Collaborating organisations: Regional District of Central Okanagan (RDCO), Okanagan Collaborative Conservation Program (OCCP) and South Okanagan Similkameen Conservation Program (SOSCP), BC Ministry of Agriculture, BC Parks, Okanagan Basin Water Board, BC Ministry of Forests, Lands & Natural Resource Operations (Ecosystems Branch), and Environment Canada.

Summary: What kind of future do we want for the Okanagan Basin?  In the face of a growing population, can we maintain a functional, mixed-use landscape or will the Okanagan become like many other Canadian urban landscapes? How can we best optimize land use to maintain the ecosystem services and quality of life that we value in the valley?  What would an environmentally sustainable Okanagan landscape look like? These are questions to which the Okanagan Futures project hopes to respond.

The choices we make today influence the choices available to us in the future. Since land and resources are limited, decisions about how to allocate land use (for agriculture, for housing development, or for parks and conservation, for example) result in necessary trade-offs between the different ecosystem services the landscape provides – such as food production, clean water provision, and biodiversity conservation – that directly influence quality of life in the valley. The objective of the Okanagan Futures project is to study and model the different probable, possible and plausible futures for the Okanagan basin and to develop a public dialogue about the landscape’s capacity to support a growing human population while maintaining important ecosystem services. The project study area includes the entire Okanagan Basin, extending from north of Vernon to the Canadian-US border and thus includes agricultural, forest, grassland and urban land areas on private and public land. The intent is to provide a vision for integrated land use planning in the basin, bringing together stakeholders from multiple sectors.

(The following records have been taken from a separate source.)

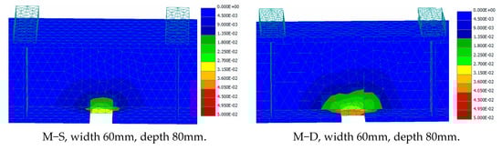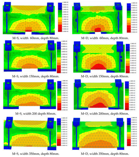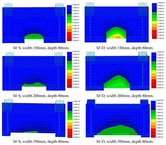 Based on the verification of the FE model in the previous Section (Figure 9 and Figure 10), the numerical investigation was extended to cover further different notch depth and width values, with the notch damage being considered in the tension side and only at the beam midspan since this was the worst damage location scenario, as revealed by the results shown in Figure 5, Figure 6 and Figure 7. The extended analysis examined beams with single notches (M-S) and double notches (M-D) at midspan with 40 mm, 60 mm, and 80 mm in depth, and 20 mm, 40 mm, 60 mm, 100 mm, 150 mm, 200 mm, 250 mm, 300 mm, and 350 mm in width.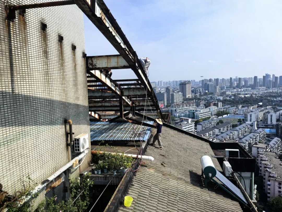 当社区提出整治楼顶钢架的议案后,居民意见不尽相同。有人主张“一拆了之”,彻底消除隐患;有人则难舍二十年的情感记忆,希望保留这一社区标志。面对分歧,新江南花园社区联合清名桥城管中队组建联合工作组开展逐户走访,广泛征集居民意见;组织召开多次民主协商会,邀请市设计院专家参与技术论证,最终确定“保留主体、消除隐患、加固处理”的优化方案,保留钢架主体,仅拆除隐患部分,并对保留部分进行全面加固和防锈处理,实现历史风貌保护与安全隐患消除两全其美。
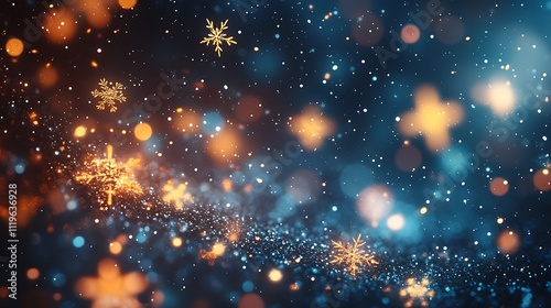 © Галя Дорожинська, Obraz premium Magical winter background filled with sparkling snowflakes at night. Generative AI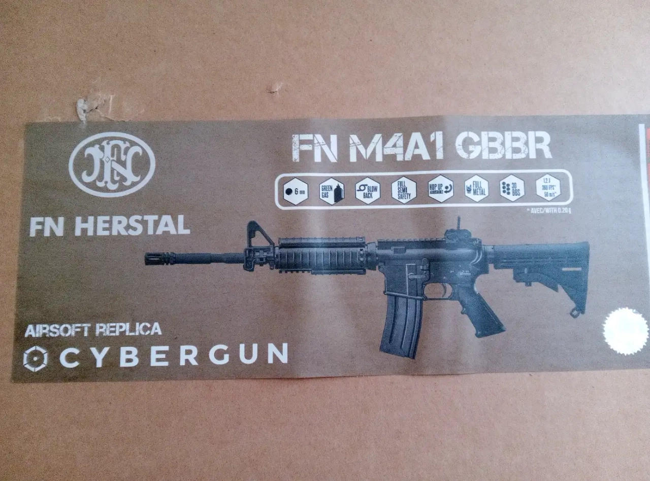 Modèle : FN M4A1 GBBR, blowback, full métal, hop Up réglable, sélecteur de tir (coup par coup / rafale / sécurité), blocage de culasse quand chargeur vide, puissance chroni entre 1 et 1.2J
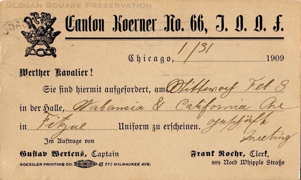 Printed postcard with hand-written information notifying members of upcoming Odd Fellows meeting at Wabansia & California with proper uniform, 1909Subject Person/Organization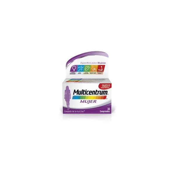 Multicentrum Mujer es un suplemento multivitamínico que te aportará un soporte nutricional específicamente pensado para mujeres a partir de 18 años. Su fórmula está basada en calcio, hierro y ácido fólico, estos principios activos colaboran en el mantenimiento adecuado de los huesos, en la formación normal de los glóbulos rojos y la hemoglobina y en el proceso de la división celular. ¿Qué beneficios aporta Multicentrum Mujer? Libera energía al metabolismo energético normal. Favorece el sistema inmunitario. Aporta salud a la piel, cabello y uñas. Ayuda al mantenimiento de calcio en sangre y huesos. Favorece el funcionamiento normal del organismo de las mujeres.

The methods involve performing a landscape futures analysis for the Okanagan basin, integrating geospatial data, land use change simulations, climate change modelling and ecosystem services mapping to explore the trade-offs inherent in different human land and water use scenarios on the production of ecosystem goods and services in the basin. These tools will be used to quantify the limits of the landscape to support human population growth and to identify the scenarios that lead to the most sustainable future landscapes for the Okanagan.

As part of this project, we are working to identify key areas of habitat and wildlife corridors that contribute to the ecological resilience of the landscape. Click here for more information about our habitat connectivity work for the Okanagan.

Students: Corrie Allen (MSc student), Jonathan Bepple (MSc student, graduated), Katey Kyle (graduate research assistant), Christopher Kyle (research technician) and Rachel Field (PhD student).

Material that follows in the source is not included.